# Task objective:
Your copy of the data should match it exactly, except that the pictures are gone.

--- Information supplied ---

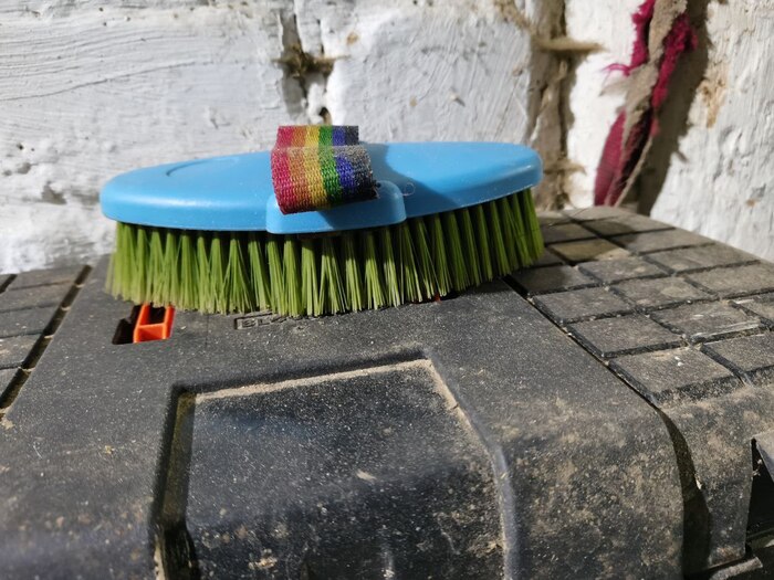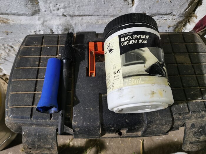 Мне очень нравится чистить лошадь, пшыкать на нее вкусным кондиционером, а еще мазать ей копыта. Для это у меня есть специальная мазь для копыт и кисточка
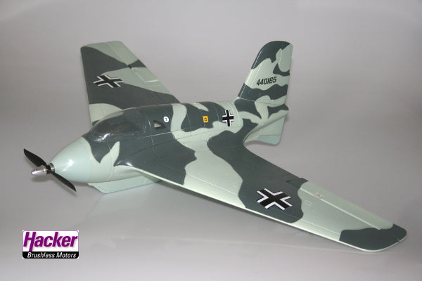 The Hacker Me-163 is a semi-scale model based on the famous Me-163 „Komet“. This model is made of durable EPO foam and impresseswith extremely forgiving flight characteristics and blazing
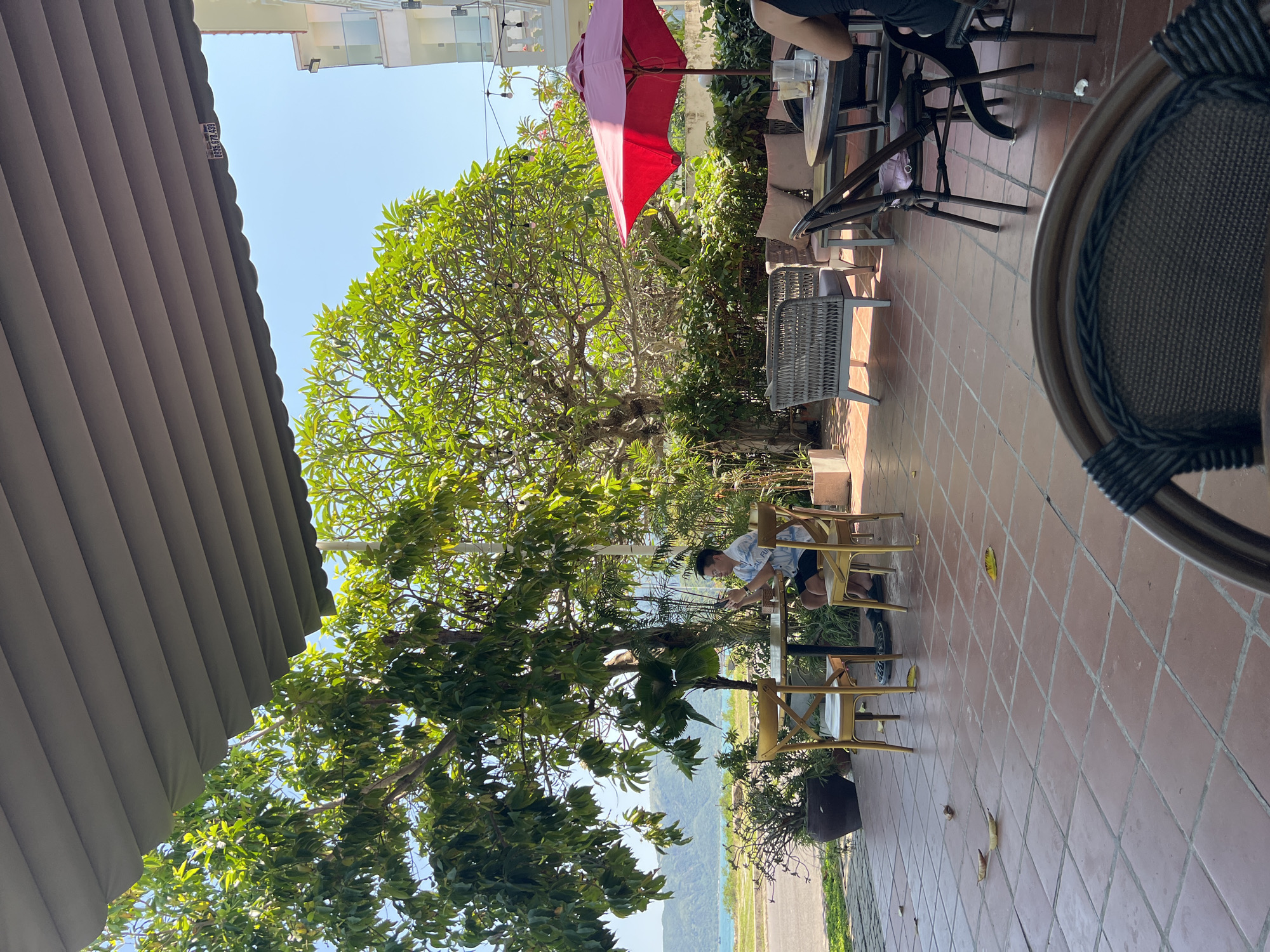 An outdoor cafe terrace in Nha Trang, Vietnam, is depicted on a clear, sunny day. The scene is observed from a slightly elevated perspective, looking towards the sea and distant mountains. A large, grey retractable awning extends over the seating area. In the foreground, the back of a dark brown wicker chair is visible. The floor is tiled with reddish-brown square tiles, with scattered yellow and brown leaves. Towards the left, a young adult male, wearing a light blue and white patterned short-sleeved shirt and dark shorts, sits at a small round table with two light-colored wooden chairs with cross-backs. He is actively looking at a smartphone held in both hands. A dark drink glass is on his table. Behind him, lush green trees and potted plants line a paved road. Beyond the road, a body of water (likely the sea) with a distant coastline and mountains is visible under a clear blue sky. Further into the terrace, towards the right, another section of seating includes a grey wicker bench with light cushions, and a few dark-colored wicker chairs around a round wooden table. A bright red market umbrella provides shade over this area. On the table, multiple glasses are present, and the upper back and shoulder of a person wearing a dark top are partially visible on the right edge. String lights are strung between trees and the adjacent building. The building in the background to the far right is a light-colored multi-story structure with balconies featuring glass railings. Overhead, a small white rectangular sign with the black text "0935.678.439" is attached to the underside of the awning.

---

# Written reply:
 Мне очень нравится чистить лошадь, пшыкать на нее вкусным кондиционером, а еще мазать ей копыта. Для это у меня есть специальная мазь для копыт и кисточка
 The Hacker Me-163 is a semi-scale model based on the famous Me-163 „Komet“. This model is made of durable EPO foam and impresseswith extremely forgiving flight characteristics and blazing
 An outdoor cafe terrace in Nha Trang, Vietnam, is depicted on a clear, sunny day. The scene is observed from a slightly elevated perspective, looking towards the sea and distant mountains. A large, grey retractable awning extends over the seating area. In the foreground, the back of a dark brown wicker chair is visible. The floor is tiled with reddish-brown square tiles, with scattered yellow and brown leaves. Towards the left, a young adult male, wearing a light blue and white patterned short-sleeved shirt and dark shorts, sits at a small round table with two light-colored wooden chairs with cross-backs. He is actively looking at a smartphone held in both hands. A dark drink glass is on his table. Behind him, lush green trees and potted plants line a paved road. Beyond the road, a body of water (likely the sea) with a distant coastline and mountains is visible under a clear blue sky. Further into the terrace, towards the right, another section of seating includes a grey wicker bench with light cushions, and a few dark-colored wicker chairs around a round wooden table. A bright red market umbrella provides shade over this area. On the table, multiple glasses are present, and the upper back and shoulder of a person wearing a dark top are partially visible on the right edge. String lights are strung between trees and the adjacent building. The building in the background to the far right is a light-colored multi-story structure with balconies featuring glass railings. Overhead, a small white rectangular sign with the black text "0935.678.439" is attached to the underside of the awning.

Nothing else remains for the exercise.